[DIRECTIONS]:
The listing below must be repeated word for word, with its images excluded.

[SUPPLIED MATERIAL]:
┄┄┄┄┄┄┄┄┄┄
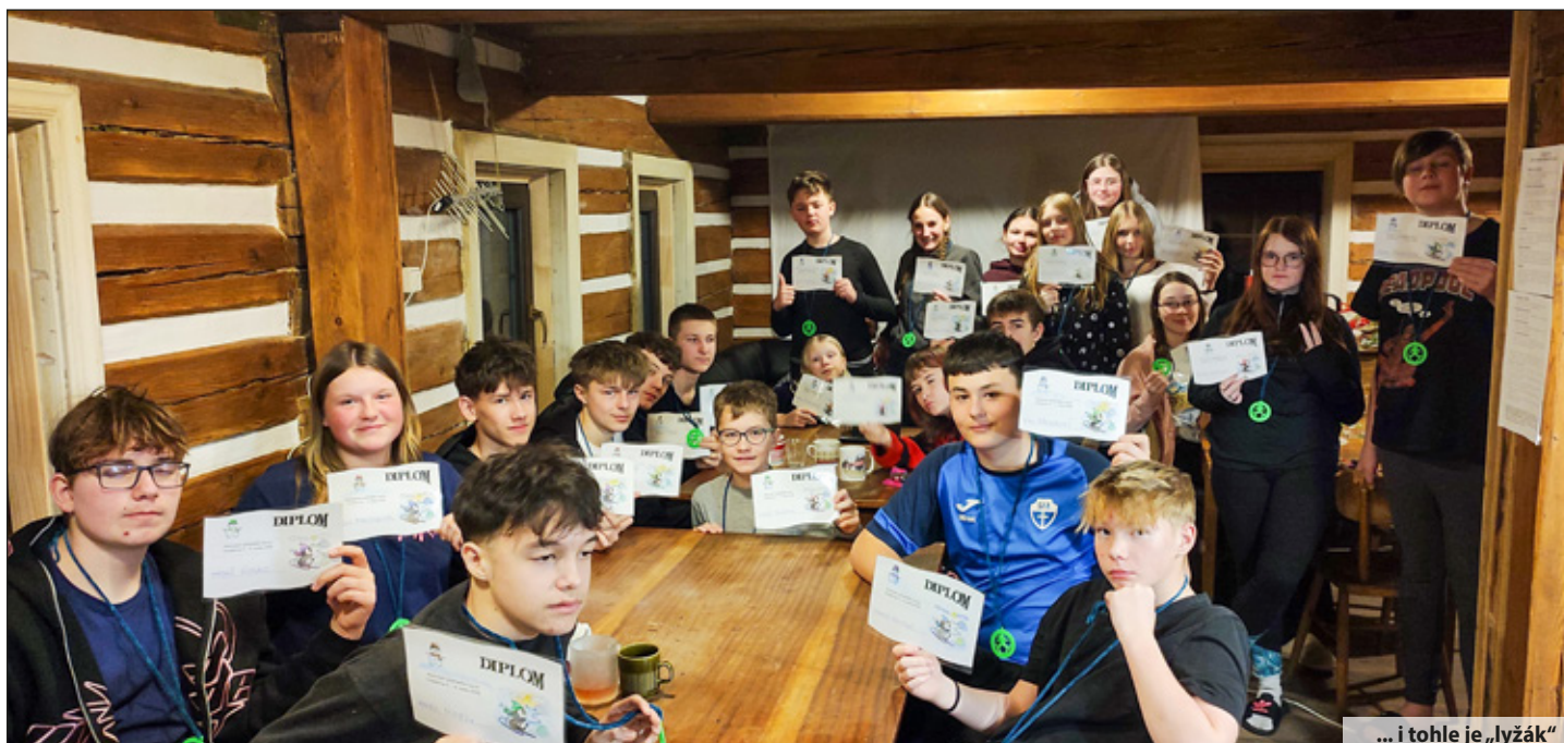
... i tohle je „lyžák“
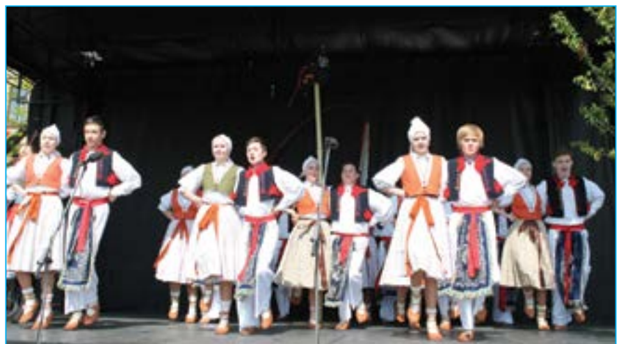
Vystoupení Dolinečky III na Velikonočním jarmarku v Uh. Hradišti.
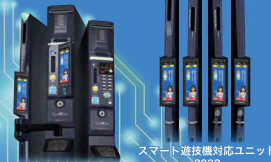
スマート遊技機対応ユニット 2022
┄┄┄┄┄┄┄┄┄┄
[FINISHED TASK]:
... i tohle je „lyžák“
Vystoupení Dolinečky III na Velikonočním jarmarku v Uh. Hradišti.
スマート遊技機対応ユニット 2022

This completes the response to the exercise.